The decline in foreign exchange reserves was singled out for special mention. If the foreign exchange earnings continue to decline, this will affect the country’s ability to pay its international debt service obligations. Lower gas prices make this a likely scenario. A heavily managed exchange rate (ie, a fixed rate at too low a price) suggests the current system is hampering a normal adjustment process. Nothing that has been said or done to date indicates that this administration is prepared to address the imbalance by implementing a market-based approach.

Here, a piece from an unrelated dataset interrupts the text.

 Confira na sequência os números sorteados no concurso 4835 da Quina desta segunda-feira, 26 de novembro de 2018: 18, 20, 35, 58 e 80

The techniques to address the deficiencies identified by S&P are straightforward. First, the deficit could be reduced or eliminated over time by increasing taxes, either by raising income tax rates or by introducing new taxes. Second, the government’s operating efficiency could be improved, increasing output without increasing expenditure. Last week, Minister Tancoo said that the administration would improve revenue collection by improving Inland Revenue but did not identify wider efficiency measures. Third, it could cut expenditure.
These are difficult options and explain the minister’s Independence Day message. Explaining and articulating the options, actions, opportunities and challenges to convince citizens of the need for tough measures is the political challenge. There are no quick fixes.
Mariano Browne is the Chief Executive Officer of the UWI Arthur Lok Jack Global School of Business.